Air France-KLM is considering expanding its Transavia France (TO, Paris Orly) unit's fleet beyond its current 40-aircraft limit in order to harness the budget carrier's growing popularity and profitability.

Group Chairman and CEO Jean-Marc Janaillac said in an FY2017 earnings call last week that Transavia (which includes Dutch operator Transavia Airlines (HV, Amsterdam Schiphol)) had posted a strong operating result for the last financial year, buoyed by record passenger numbers of nearly 15 million passengers. This, he said, was due to the unit's lower operating unit-cost base comparable to operators such as Ryanair (FR, Dublin International) and easyJet (London Luton).

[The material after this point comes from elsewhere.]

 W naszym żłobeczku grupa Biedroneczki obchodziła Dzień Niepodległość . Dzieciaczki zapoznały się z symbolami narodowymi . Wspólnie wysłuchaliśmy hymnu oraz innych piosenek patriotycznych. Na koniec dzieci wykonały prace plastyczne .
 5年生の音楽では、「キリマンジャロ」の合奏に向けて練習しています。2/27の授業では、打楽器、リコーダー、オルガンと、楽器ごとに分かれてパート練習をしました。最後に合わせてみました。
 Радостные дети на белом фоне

Given its improving numbers, Janaillac added that the Transavia brand could be used to regain local French market share lost to the likes of the LCCs as well as the TGV highspeed train.

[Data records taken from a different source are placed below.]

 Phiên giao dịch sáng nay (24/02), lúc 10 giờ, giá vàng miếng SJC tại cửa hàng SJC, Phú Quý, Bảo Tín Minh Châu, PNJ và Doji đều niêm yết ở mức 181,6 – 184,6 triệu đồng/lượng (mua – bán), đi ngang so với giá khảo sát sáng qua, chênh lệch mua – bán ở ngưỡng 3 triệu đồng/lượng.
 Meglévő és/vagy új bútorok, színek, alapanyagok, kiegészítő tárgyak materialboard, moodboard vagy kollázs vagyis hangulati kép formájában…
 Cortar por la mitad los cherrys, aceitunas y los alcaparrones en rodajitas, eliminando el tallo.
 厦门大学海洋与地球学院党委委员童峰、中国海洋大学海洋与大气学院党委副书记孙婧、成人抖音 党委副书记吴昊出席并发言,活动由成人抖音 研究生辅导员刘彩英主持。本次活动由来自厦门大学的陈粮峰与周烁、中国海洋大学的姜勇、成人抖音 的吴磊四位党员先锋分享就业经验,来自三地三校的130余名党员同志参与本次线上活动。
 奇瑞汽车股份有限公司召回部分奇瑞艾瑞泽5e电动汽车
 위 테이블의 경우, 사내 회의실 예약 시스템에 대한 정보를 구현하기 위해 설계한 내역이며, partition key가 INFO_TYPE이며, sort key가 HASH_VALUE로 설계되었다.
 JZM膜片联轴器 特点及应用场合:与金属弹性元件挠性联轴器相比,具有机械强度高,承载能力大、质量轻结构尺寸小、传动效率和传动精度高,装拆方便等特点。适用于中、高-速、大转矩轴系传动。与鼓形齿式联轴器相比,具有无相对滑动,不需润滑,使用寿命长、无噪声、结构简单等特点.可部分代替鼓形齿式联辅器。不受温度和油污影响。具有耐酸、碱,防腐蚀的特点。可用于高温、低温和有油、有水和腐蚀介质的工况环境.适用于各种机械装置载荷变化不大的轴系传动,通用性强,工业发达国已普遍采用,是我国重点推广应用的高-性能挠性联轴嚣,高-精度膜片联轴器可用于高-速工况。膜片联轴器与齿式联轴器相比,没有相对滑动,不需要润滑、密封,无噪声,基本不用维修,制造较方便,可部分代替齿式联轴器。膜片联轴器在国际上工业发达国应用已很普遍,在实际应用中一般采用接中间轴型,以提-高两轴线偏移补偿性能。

"We are also considering the development of Transavia France beyond 40 aircraft with the ambition to regain our standing in the French provinces," he said.

Such a move would require union agreement, a delicate issue given the two-week strike Air France (AF, Paris CDG) endured in late 2014 when then CEO Alexandre de Junaic attempted to steamroll his Transavia Europe plans through despite strong pilot opposition.

Under the deal reached with the SNPL union in 2014 which brought an end to the strike, management agreed to cap Transavia France's fleet at 40 aircraft and that the LCC would not take over any domestic Paris routes from Air France. According to the ch-aviation fleets module, Transavia France currently operates twenty-three B737-800s with a further six due in this summer season on lease from Canada's Air Transat (TS, Montréal Trudeau).

Other conditions included barring Transavia France from operating out of Paris CDG and that its development must not harm Air France's medium-haul operations at Paris CDG. The range of Transavia France's network from Paris Orly or any French airport is also capped at 2,500 nautical miles (about 4,600km) and it may not operate long-haul routes.

"...we have to pursue our policy of discussion and negotiation with the unions while keeping our strong stance and will to contain our cost, it’s what we are going to keep on doing these next weeks and months," Junaillac added.